On 9 April Chancellor Gordon Brown will announce his Budget for 2003/2004. But a global economic downturn and the costs of war will make it difficult for him to balance the books.

Revising down growth forecasts is becoming something of a habit for Gordon Brown.

Chancellor Gordon Brown arriving at Downing Street for a war cabinet meeting
A faltering economy and the cost of war weigh on Gordon Brown's mind
The forthcoming budget will probably see the chancellor swallowing his pride once again, and admitting that he read the economy wrong.

The forecasts made by the Treasury only last November are already looking too optimistic. Back then, Mr Brown expected the economy to grow by between 2.5% and 3% this year - independent analysts are pencilling in just 1.9% to 2.4%.

Gloomy backdrop

The chancellor's usual trick when he's forced to cut near-term forecasts, is to make up the lost ground by boosting growth expectations in future years.

UK GDP growth - and conflicting Treasury and analysts' forecasts

But he'll struggle to do that this time. The Treasury is already counting on growth of 3% to 3.5% in 2004 - economists say it will be more like 2.6%.

So why the gloomy backdrop? The war can take some of the blame, but not all of it. It creates uncertainty which stops businesses from investing and us from spending.

It also plays havoc with the price of oil - a sustained war could keep prices high, adding to firms' costs and subtracting from their profits.

The stockmarket also stands little chance of a solid recovery while war prevails.

Don't blame the war

But even if the conflict was to end tomorrow, it wouldn't mean an instant cure for all the economy's ills.

Growth was faltering before the war, and chances are it will continue to falter after it.

Firstly, there is the apparent slowdown in consumption. Fears of a housing market collapse, expectations of slower future income growth and a build-up of debt looks to be curbing our appetite for spending.

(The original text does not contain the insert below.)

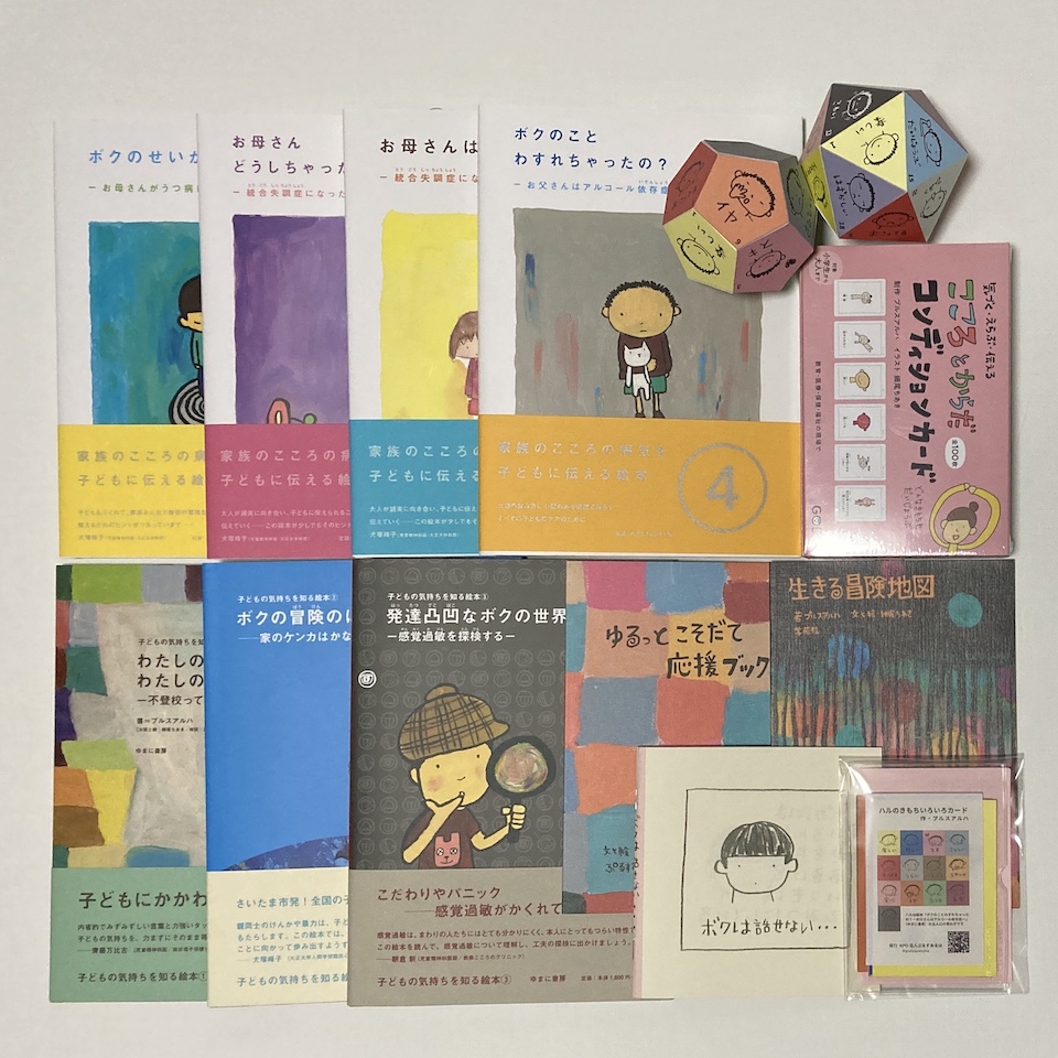 『家族のこころの病気を子どもに伝える絵本』シリーズ(ゆまに書房)をはじめとする心理教育絵本、コミュニケーションに役立つ絵カードなど、「必要だけどこれまでなかった」コンテンツを制作しています。

It's by far the most significant part of the economy - accounting for around 60% - so any deceleration will be keenly felt.

Secondly, the global economy continues to struggle. Growth in the United States is fragile as is that in the eurozone, Britain's largest trading partner.

That has hampered British exports - they've fallen in five out of the past six quarters.

The recent fall in the pound will help by making exports cheaper, but that will take some time to feed through - and it's still no substitute for a surge in world demand.

Counting the shortfall

UK budget deficit forecasts

Investment in the economy - or rather the lack of it - has also ambushed Mr Brown's growth forecasts. He expected fixed investment to rise by around 6.5% this year, a figure that's looking wildly optimistic.

Government spending is about the only part of the economy that's contributing to growth as expected.

The limp economic backdrop means the chancellor will almost certainly receive less tax revenue than he was counting on. Central government revenues rose 1.5% in the first 11 months of the 2002/03 fiscal year, compared with a pre-budget forecast of 2.2% for the year as a whole.

It's not much in percentage terms, but given total revenues of more than 400bn, it soon adds up in absolute terms.

Higher taxes?

The judgement Mr Brown has to make is whether that shortfall is entirely down to the disappointment in growth, or whether it reflects a change in the relationship between growth and tax revenues.

If it's the former, he can afford to let borrowing take the strain and simply pay the money back when the good times return.

If it's the latter, the chancellor will need to reassess his revenue projections for years to come.

If he wants to carry on spending at the current rate, that means one thing - higher taxes.